Re: [PATCH v6 09/40] Add initial external odb support

Jonathan Tan <jonathantanmy@xxxxxxxxxx> · Fri, 29 Sep 2017 13:36:14 -0700

On Wed, 27 Sep 2017 18:46:30 +0200
Christian Couder <christian.couder@xxxxxxxxx> wrote:

> I am ok to split the patch series, but I am not sure that 01/40 to
> 09/40 is the right range for the first patch series.
> I would say that 01/40 to 07/40 is better as it can be seen as a
> separate refactoring.

I mentioned 09/40 because this is (as far as I can tell) the first one
that introduces a new design.

> I don't think single-shot processes would be a huge burden, because
> the code is simpler, and because for example for filters we already
> have single shot and long-running processes and no one complains about
> that. It's code that is useful as it makes it much easier for people
> to do some things (see the clone bundle example).
> 
> In fact in Git development we usually start to by first implementing
> simpler single-shot solutions, before thinking, when the need arise,
> to make it faster. So a perhaps an equally valid opinion could be to
> first only submit the patches for the single-shot protocol and later
> submit the rest of the series when we start getting feedback about how
> external odbs are used.

My concern is that, as far as I understand about the Microsoft use case,
we already know that we need the faster solution, so the need has
already arisen.

> And yeah I could change the order of the patch series to implement the
> long-running processes first and the single-shot process last, so that
> it could be possible to first get feedback about the long-running
> processes, before we decide to merge or not the single-shot stuff, but
> I don't think it would look like the most logical order.

My thinking was that we would just implement the long-running process
and not implement the single-shot process at all (besides maybe a script
in contrib/). If we are going to do both anyway, I agree that we should
do the single-shot process first.

> > And another possible issue is that we design ourselves into a corner.
> > Thinking about the use cases that I know about (the Android use case and
> > the Microsoft GVFS use case), I don't think we are doing that - for
> > Android, this means that large blob metadata needs to be part of the
> > design (and this patch series does provide for that), and for Microsoft
> > GVFS, "get" is relatively cheap, so a configuration option to not invoke
> > "have" first when loading a missing object might be sufficient.
> 
> If the helper does not advertise the "have" capability, the "have"
> instruction will not be sent to the helper, so the current design is
> already working for that case.

Ah, that's good to know.

> > And I think that my design can be extended to support a use case in
> > which, for example, blobs corresponding to a certain type of filename
> > (defined by a glob like in gitattributes) can be excluded during
> > fetch/clone, much like --blob-max-bytes, and they can be fetched either
> > through the built-in mechanism or through a custom hook.
> 
> Sure, we could probably rebuild something equivalent to what I did on
> top of your design.
> My opinion though is that if we want to eventually get to the same
> goal, it is better to first merge something that get us very close to
> the end goal and then add some improvements on top of it.

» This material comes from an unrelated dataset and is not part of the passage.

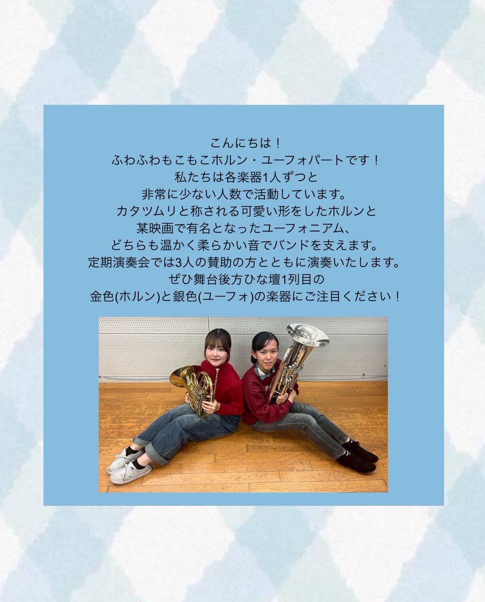 【定演まであと6日】 吹奏楽団「奏」です! 本日はHrとEuph、Tub、Percの4パートを紹介します!🎶 お知らせ📢 定期演奏会 12/27(土) 13:00開場 13:30開演 会場 港南公会堂 入場無料です!ぜひおこしください✨ #横浜市立大学 #ycu #吹奏楽 pic.x.com/tDUqaEfFde

I agree - I mentioned that because I personally prefer to review smaller
patch sets at a time, and my patch set already includes a lot of the
same infrastructure needed by yours - for example, the places in the
code to dynamically fetch objects, exclusion of objects when fetching or
cloning, configuring the cloned repo when cloning, fsck, and gc.

> >  - I get compile errors when I "git am" these onto master. I think
> >    '#include "config.h"' is needed in some places.
> 
> It's strange because I get no compile errors even after a "make clean"
> from my branch.
> Could you show the actual errors?

I don't have the error messages with me now, but it was something about
a function being implicitly declared. You will probably get these errors
if you sync past commit e67a57f ("config: create config.h", 2017-06-15).

> > Any reason why you prefer to update the loose object functions than to
> > update the generic one (sha1_object_info_extended)? My concern with just
> > updating the loose object functions was that a caller might have
> > obtained the path by iterating through the loose object dirs, and in
> > that case we shouldn't query the external ODB for anything.
> 
> You are thinking about fsck or gc?
> Otherwise I don't think it would be clean to iterate through loose object dirs.

Yes, fsck and gc (well, prune, I think) do that. I agree that Git
typically doesn't do that (except for exceptional cases like fsck and
gc), but I was thinking about supporting existing code that does that
iteration, not introducing new code that does that.